İşte böyle kardeşler. Sözün özü korkmayın soğuktan diyorum. Kışları uyuşmuş kanınızı -arada sırada da olsa canlandırmak için- uygun bir hafta sonu bir Ağva yapıp gelin. Güzelce yorulun, ıslanın, üşüyün, çamurlanın! Böylece bir süre patronunuzun üzerinize yüklediği ek işlere; tuttuğunuz takımın/atın yatmasına; eve geç döndüğünüzde sizi karşılayan ekşi suratlara ve motorunuzun kromajlarındaki kahverengi çamur kabuklarına bile tebessümle bakacağınıza bahse girerim. İnanın ki iki teker sevdalısı motorcular, zor koşulları göğüsleme programına ayarlıdır özünde; asla rahata değil.
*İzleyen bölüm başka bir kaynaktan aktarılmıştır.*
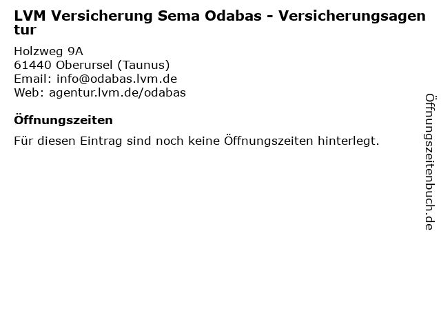 | Öffnungszeiten LVM Versicherung Sema Odabas - Versicherungsagentur in Oberursel (Taunus) anzeigen | |
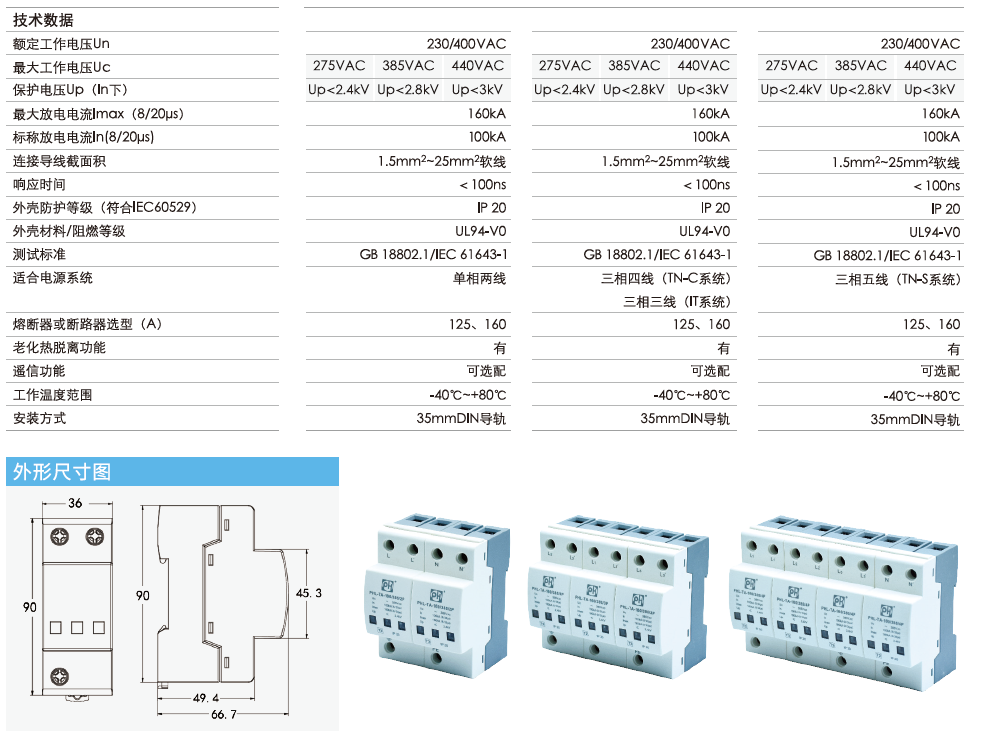 | 雷電沖擊電流limp(10/350μS) | 20KA |
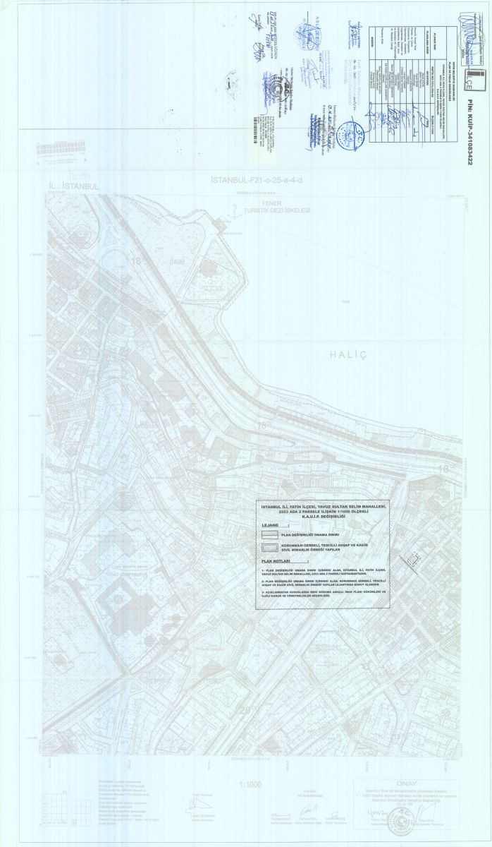 İstanbul İli, Fatih İlçesi, Yavuz Sultan Selim Mahallesi, 2253 Ada 2 Parsele İlişkin KUİP-341083422 Plan İşlem Numaralı 1/1000 ölçekli Koruma Amaçlı Uygulama İmar Planı Değişikliği 21.10.2025 tarihinde İstanbul Büyükşehir Belediye Başkanınca onanmıştır.
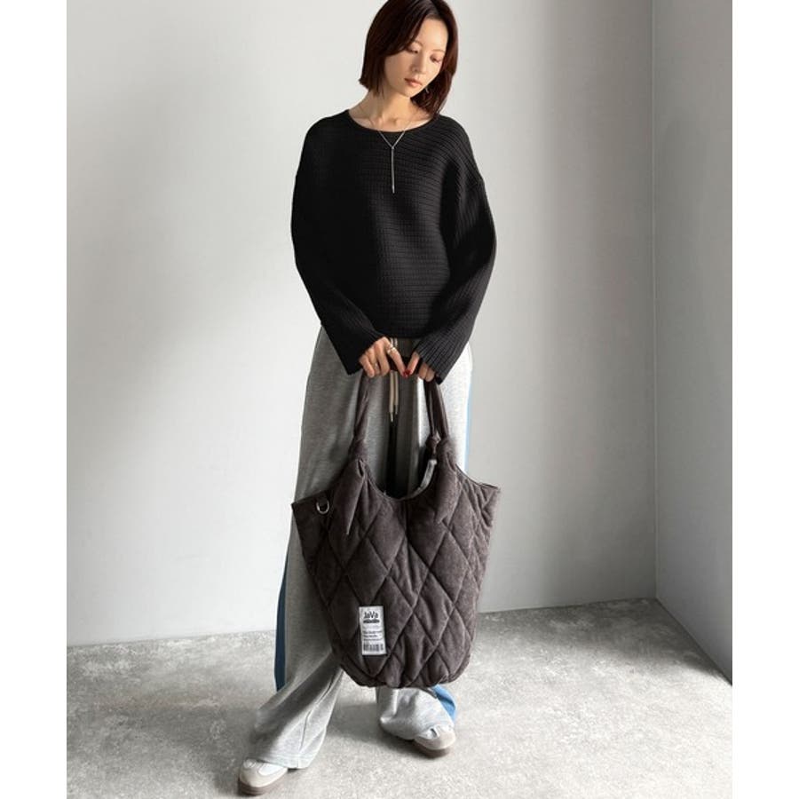 シンプルなデザインで、どんなコーディネートにも合わせやすいクルーネックリブ編みプルオーバー。
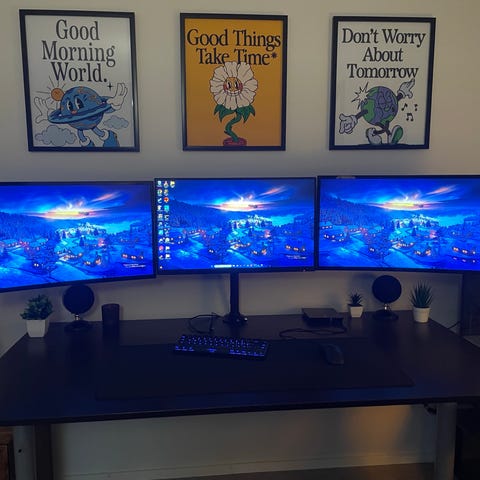 2 x Samsung 27" kaareva näyttö. Muistaakseni Samsung Odyssey G5, mutta kannattaa tarkistaa vielä mallitiedoista.

Bu yüzden bir deneyin kış motorculuğunu; ne kadar eylendiğinizi görünce şaşıracaksınız.

Ayın önerisine gelince: Çamurlu yoldan döndüğünüzde motorunuzu yıkamayı geciktirmeyin ve kromaj bölümleri kromaj parlatıcı ile ovun. Aksi halde onarılması olanaksız yıpranmalara neden olabilirsiniz. Hepinize iyi kış-gezginlikleri.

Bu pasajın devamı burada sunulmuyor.